■ WHAT TO PRODUCE ■
In the data below, begin at the line with "WWII MARINE DRILL" and stop after the line with "Be the first"; output those lines exactly and no pictures.

■ THE INPUT ■
==============================
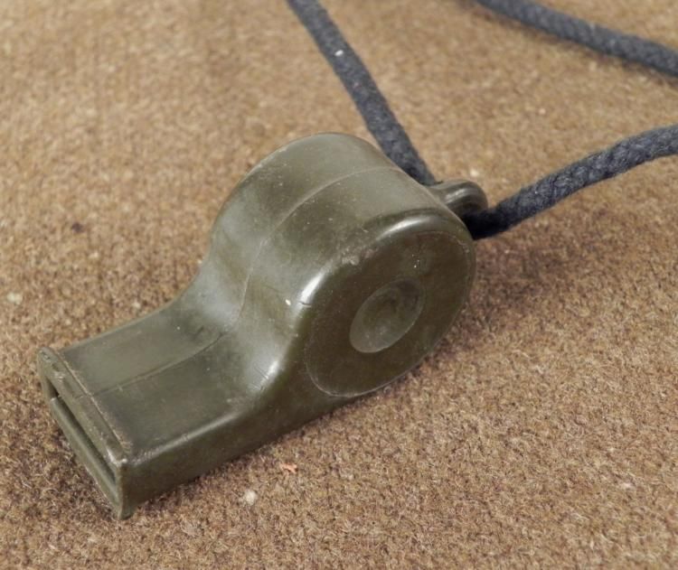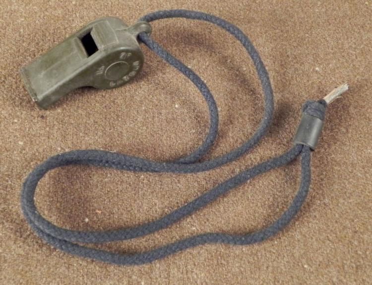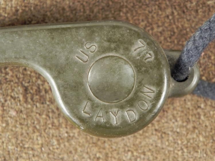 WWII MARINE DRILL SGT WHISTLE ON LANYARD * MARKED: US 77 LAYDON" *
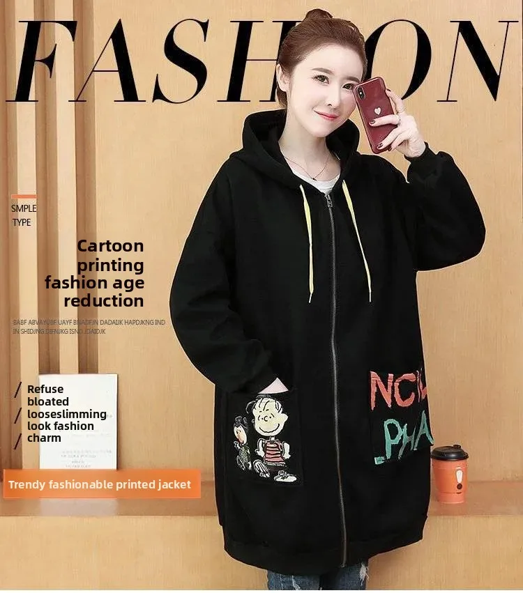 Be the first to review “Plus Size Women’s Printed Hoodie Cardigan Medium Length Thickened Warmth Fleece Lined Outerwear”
==============================
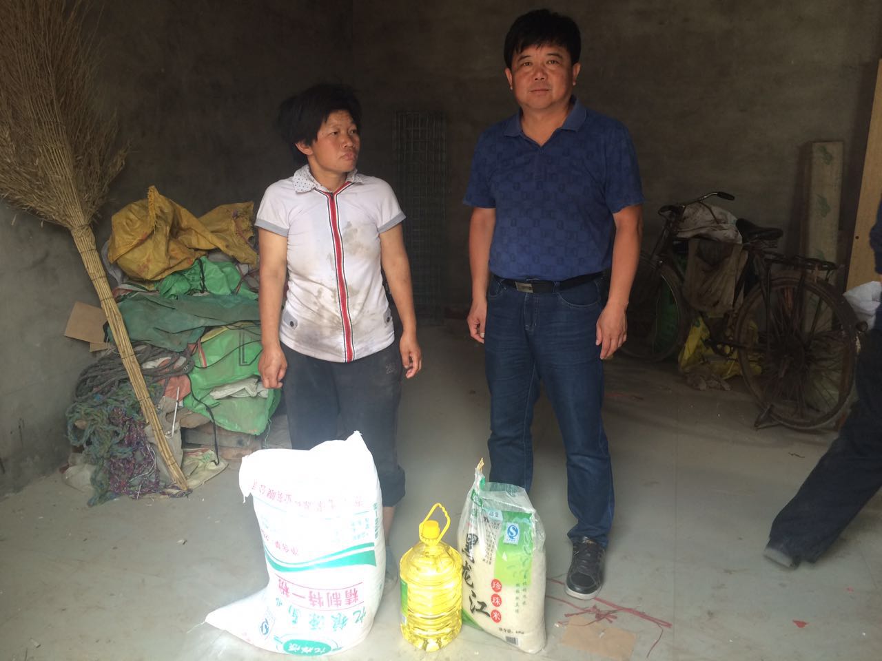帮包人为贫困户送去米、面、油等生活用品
==============================
■ RESULT BELOW ■
 WWII MARINE DRILL SGT WHISTLE ON LANYARD * MARKED: US 77 LAYDON" *
 Be the first to review “Plus Size Women’s Printed Hoodie Cardigan Medium Length Thickened Warmth Fleece Lined Outerwear”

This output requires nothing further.